### [SUPPLIED DATA]

□ □ □ □ □ □ □

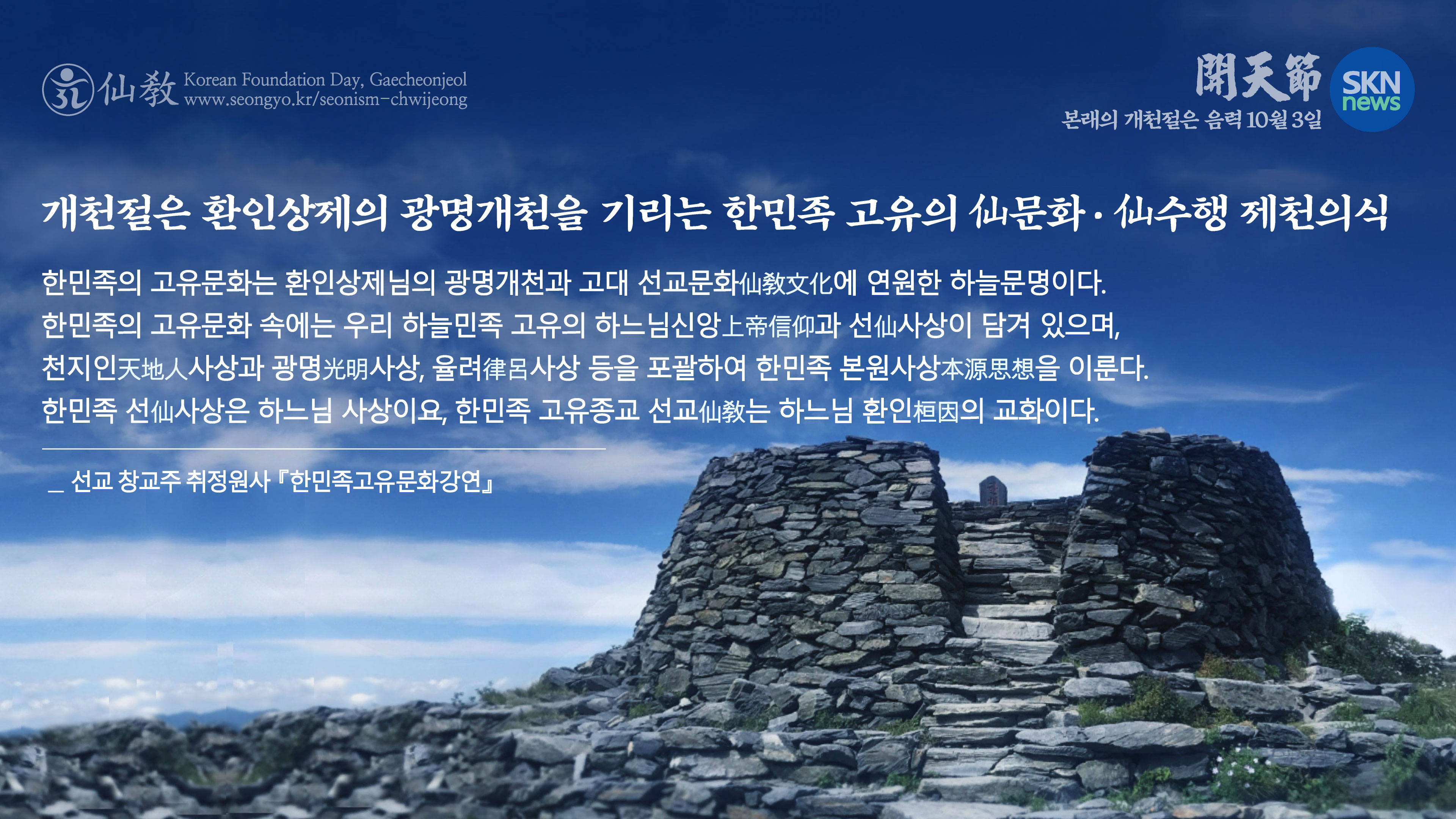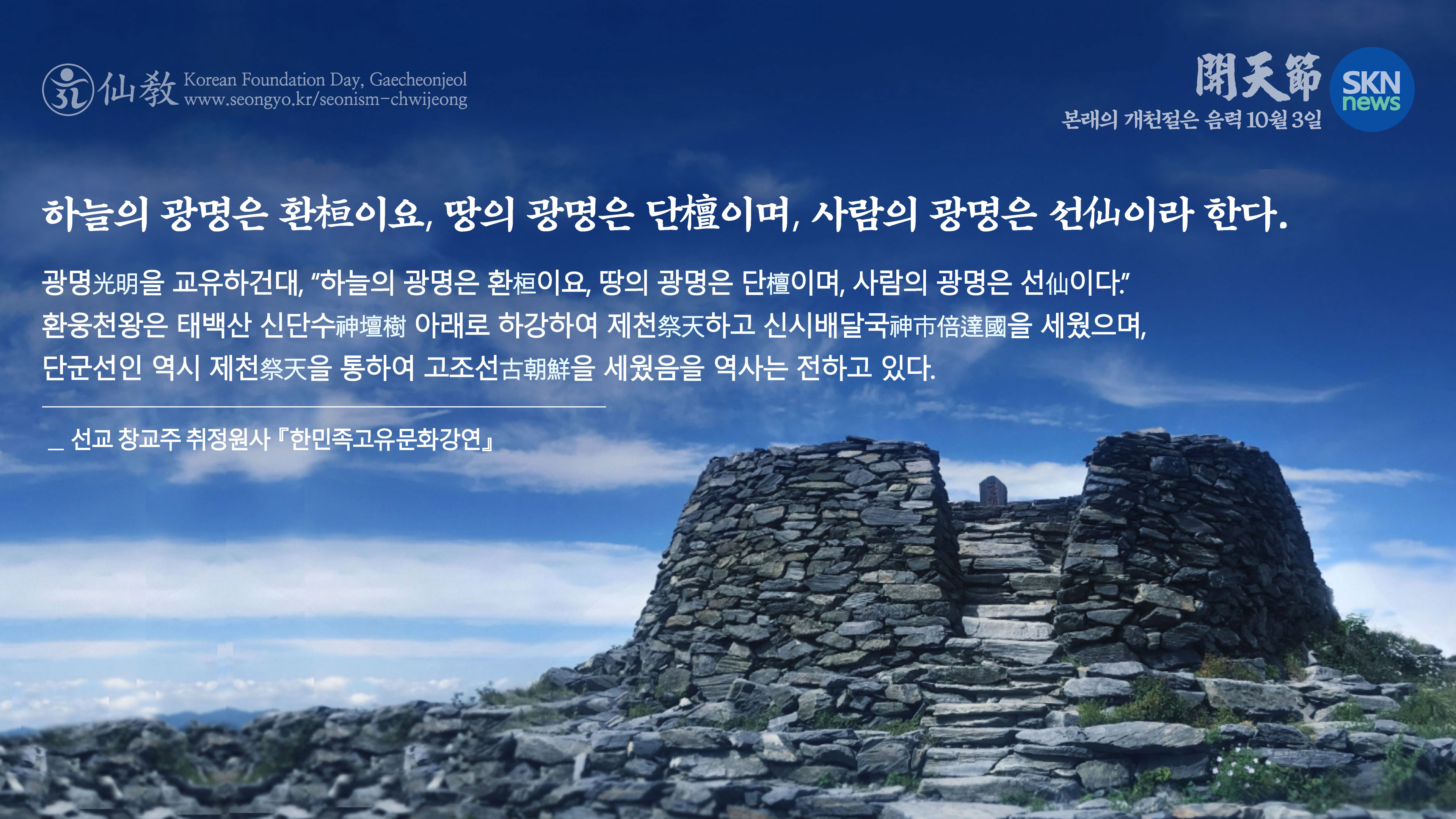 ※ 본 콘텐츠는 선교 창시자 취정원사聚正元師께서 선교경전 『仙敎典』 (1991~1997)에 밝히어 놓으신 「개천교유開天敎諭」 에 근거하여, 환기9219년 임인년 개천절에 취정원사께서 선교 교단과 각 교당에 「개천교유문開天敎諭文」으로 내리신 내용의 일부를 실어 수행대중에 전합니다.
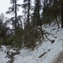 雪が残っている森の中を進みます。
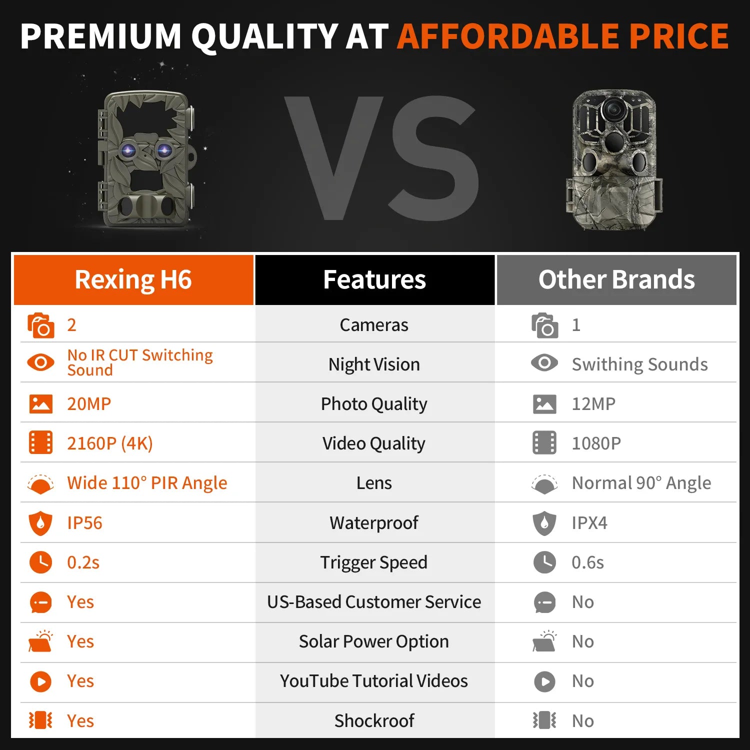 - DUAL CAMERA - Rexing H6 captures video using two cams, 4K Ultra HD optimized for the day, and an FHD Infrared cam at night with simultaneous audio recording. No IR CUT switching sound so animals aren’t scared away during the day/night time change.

□ □ □ □ □ □ □

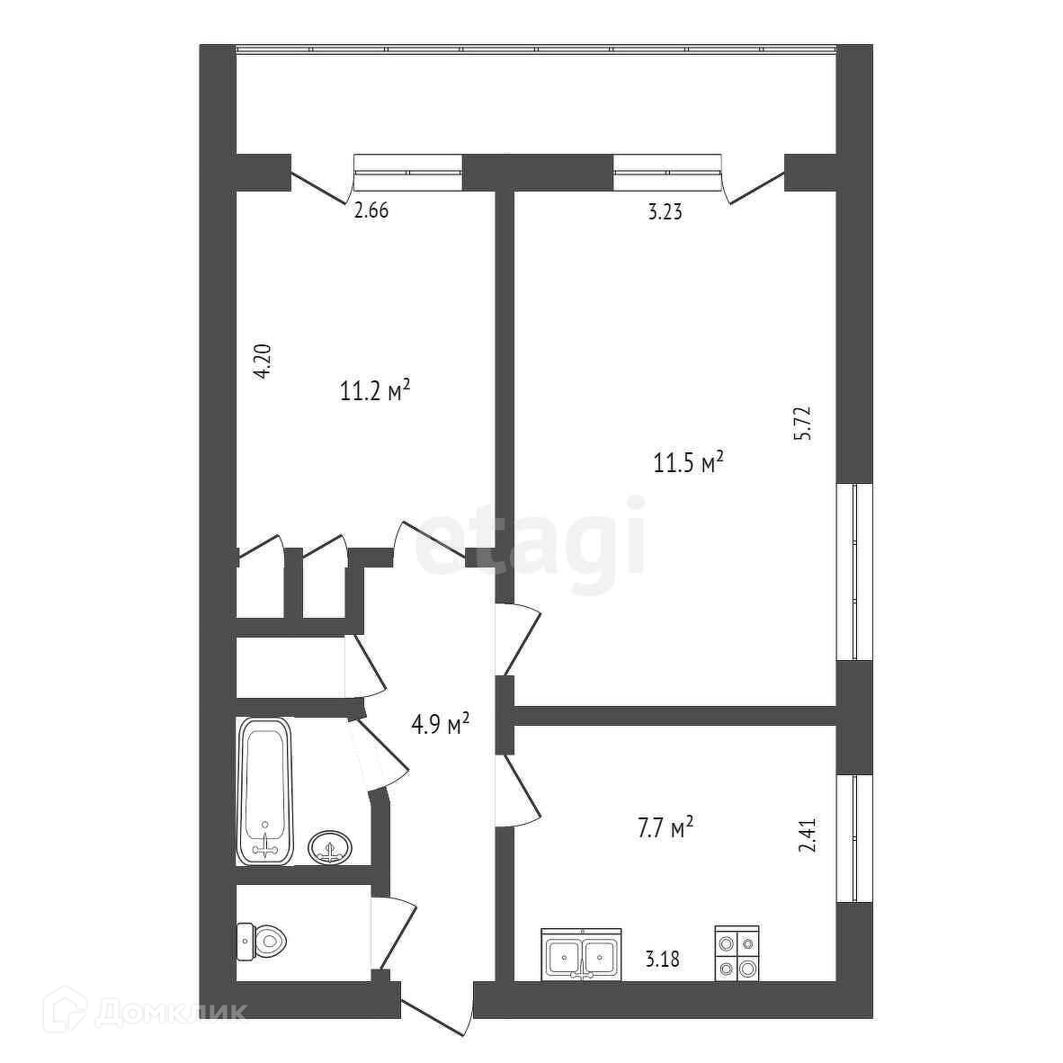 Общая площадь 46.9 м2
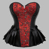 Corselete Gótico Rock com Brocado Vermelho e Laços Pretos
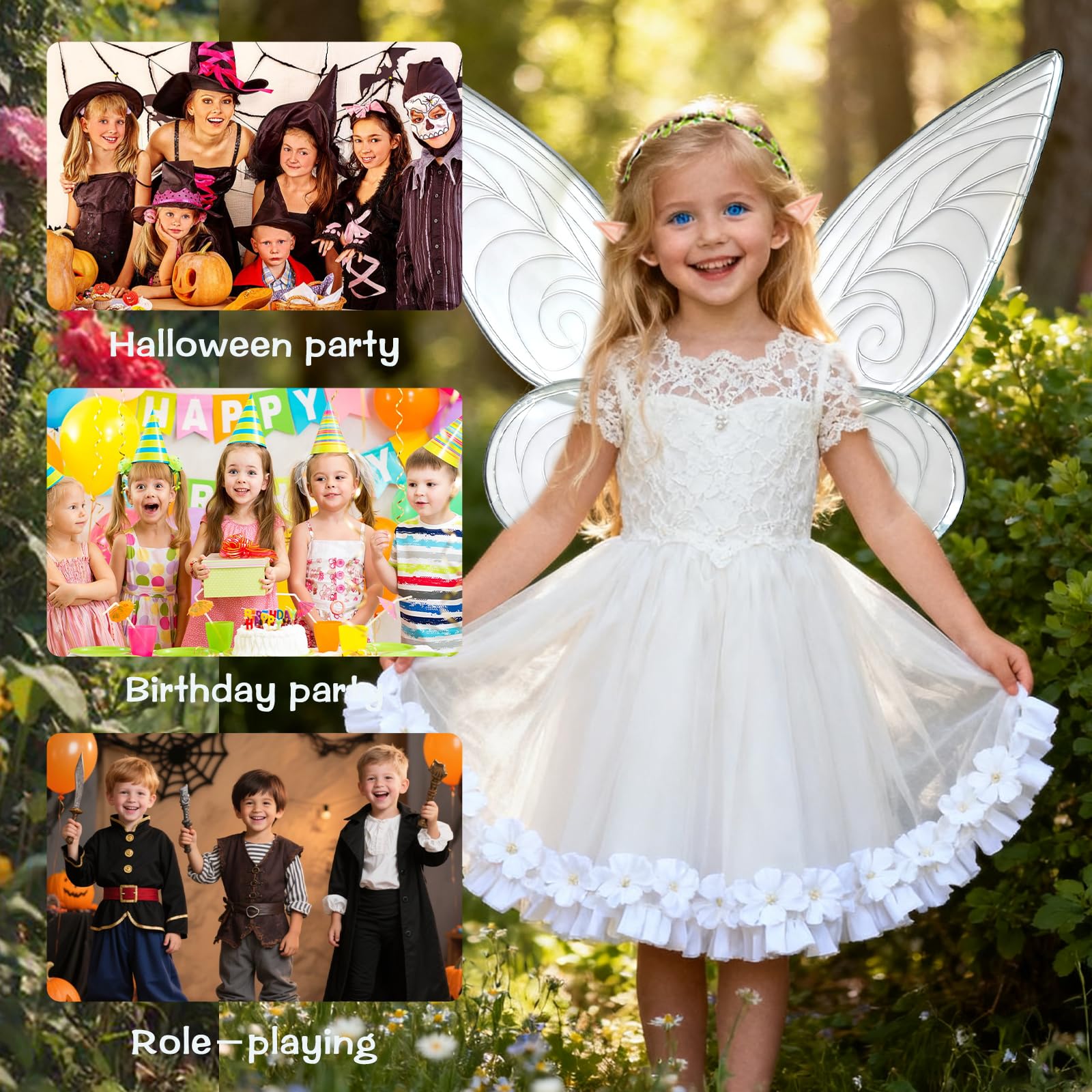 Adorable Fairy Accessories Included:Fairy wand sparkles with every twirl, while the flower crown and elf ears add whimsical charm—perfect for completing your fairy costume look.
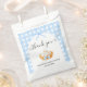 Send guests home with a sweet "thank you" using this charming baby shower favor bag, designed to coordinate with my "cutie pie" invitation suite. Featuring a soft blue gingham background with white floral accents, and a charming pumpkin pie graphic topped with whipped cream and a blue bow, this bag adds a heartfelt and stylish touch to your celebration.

□ □ □ □ □ □ □

### [WHAT YOU HAVE TO DO]
In the listing above, find the line holding "Corselete Gótico Rock" and the line holding "Send guests home". Reproduce those two lines and all between them exactly, leaving out pictures.

### [COMPLETED EXERCISE]
 Corselete Gótico Rock com Brocado Vermelho e Laços Pretos
 Adorable Fairy Accessories Included:Fairy wand sparkles with every twirl, while the flower crown and elf ears add whimsical charm—perfect for completing your fairy costume look.
 Send guests home with a sweet "thank you" using this charming baby shower favor bag, designed to coordinate with my "cutie pie" invitation suite. Featuring a soft blue gingham background with white floral accents, and a charming pumpkin pie graphic topped with whipped cream and a blue bow, this bag adds a heartfelt and stylish touch to your celebration.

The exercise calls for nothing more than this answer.